→ **TASK MATERIAL**:
····················
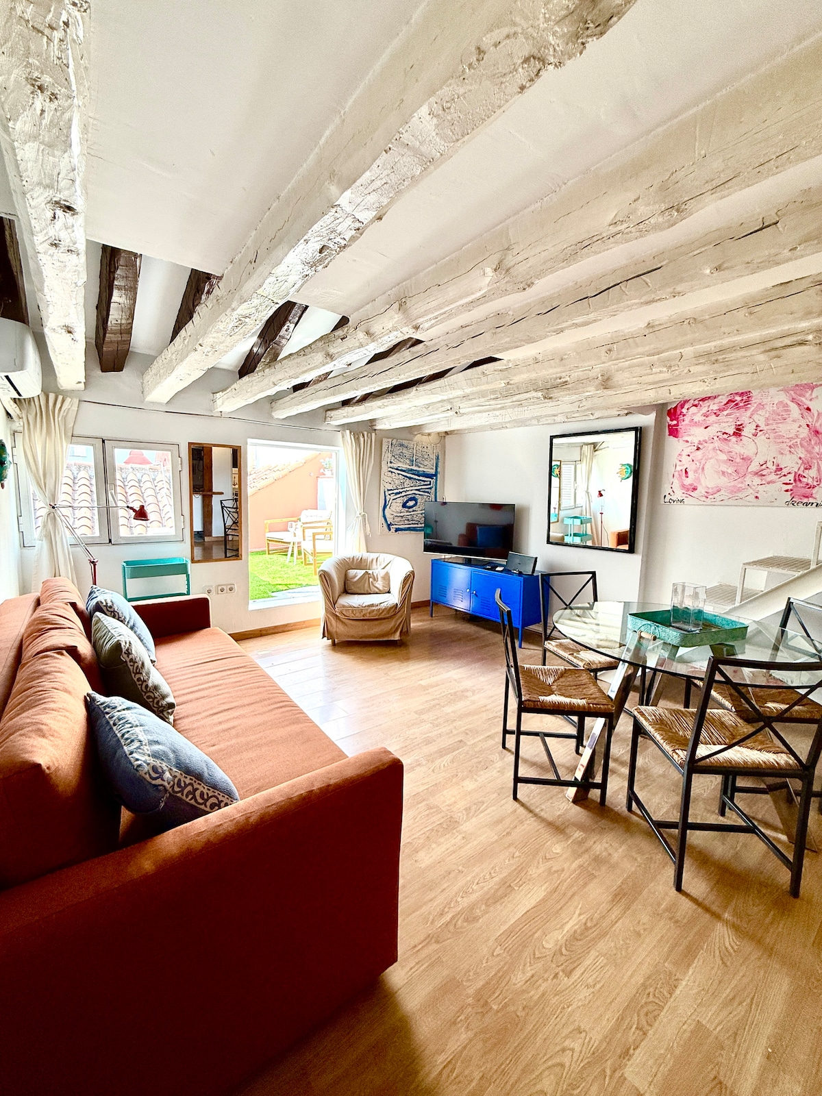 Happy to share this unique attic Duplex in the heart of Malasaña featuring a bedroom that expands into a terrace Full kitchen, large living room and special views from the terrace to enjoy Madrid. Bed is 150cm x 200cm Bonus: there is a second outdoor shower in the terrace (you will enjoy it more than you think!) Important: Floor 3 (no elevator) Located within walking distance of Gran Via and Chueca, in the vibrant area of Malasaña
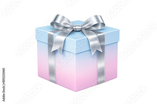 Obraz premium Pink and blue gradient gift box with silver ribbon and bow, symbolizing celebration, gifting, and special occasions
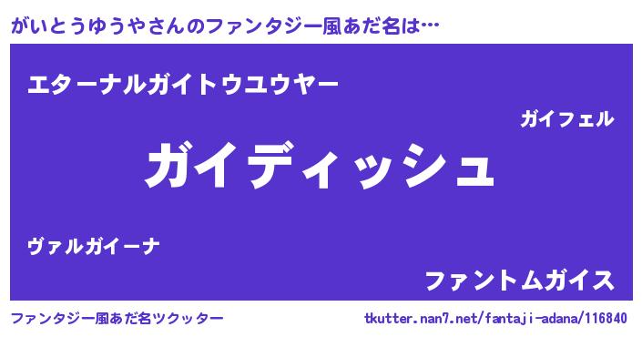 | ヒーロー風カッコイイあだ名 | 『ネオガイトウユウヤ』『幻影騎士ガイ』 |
····················
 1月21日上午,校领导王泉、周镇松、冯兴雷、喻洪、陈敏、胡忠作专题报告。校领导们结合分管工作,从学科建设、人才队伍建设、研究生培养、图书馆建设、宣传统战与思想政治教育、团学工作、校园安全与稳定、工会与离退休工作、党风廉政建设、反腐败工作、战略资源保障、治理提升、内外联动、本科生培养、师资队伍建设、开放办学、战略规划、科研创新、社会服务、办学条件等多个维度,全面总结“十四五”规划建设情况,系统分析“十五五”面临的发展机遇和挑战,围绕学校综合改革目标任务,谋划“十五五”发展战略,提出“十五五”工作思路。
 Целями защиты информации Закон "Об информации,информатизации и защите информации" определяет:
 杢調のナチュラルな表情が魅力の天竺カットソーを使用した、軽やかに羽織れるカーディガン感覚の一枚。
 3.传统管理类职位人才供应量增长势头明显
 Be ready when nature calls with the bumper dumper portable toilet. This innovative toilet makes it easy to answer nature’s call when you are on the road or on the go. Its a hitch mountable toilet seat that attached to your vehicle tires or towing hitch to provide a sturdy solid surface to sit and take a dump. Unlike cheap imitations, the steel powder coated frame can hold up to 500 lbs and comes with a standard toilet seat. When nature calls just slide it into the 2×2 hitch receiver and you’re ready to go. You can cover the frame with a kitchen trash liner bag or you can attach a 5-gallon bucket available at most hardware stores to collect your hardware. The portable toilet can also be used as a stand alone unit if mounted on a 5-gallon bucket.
····················
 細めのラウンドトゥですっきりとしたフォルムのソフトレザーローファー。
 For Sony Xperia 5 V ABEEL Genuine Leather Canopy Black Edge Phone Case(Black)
····················
→ **EXERCISE INSTRUCTIONS**: From the records above, output only the lines starting at the one containing "Happy to share" and ending at the one containing "ヒーロー風カッコイイあだ名 | 『ネオガイトウユウヤ』『幻影騎士ガイ』 |", word for word. Pictures stay out.

→ **TASK RESPONSE**:
 Happy to share this unique attic Duplex in the heart of Malasaña featuring a bedroom that expands into a terrace Full kitchen, large living room and special views from the terrace to enjoy Madrid. Bed is 150cm x 200cm Bonus: there is a second outdoor shower in the terrace (you will enjoy it more than you think!) Important: Floor 3 (no elevator) Located within walking distance of Gran Via and Chueca, in the vibrant area of Malasaña
 Obraz premium Pink and blue gradient gift box with silver ribbon and bow, symbolizing celebration, gifting, and special occasions
 | ヒーロー風カッコイイあだ名 | 『ネオガイトウユウヤ』『幻影騎士ガイ』 |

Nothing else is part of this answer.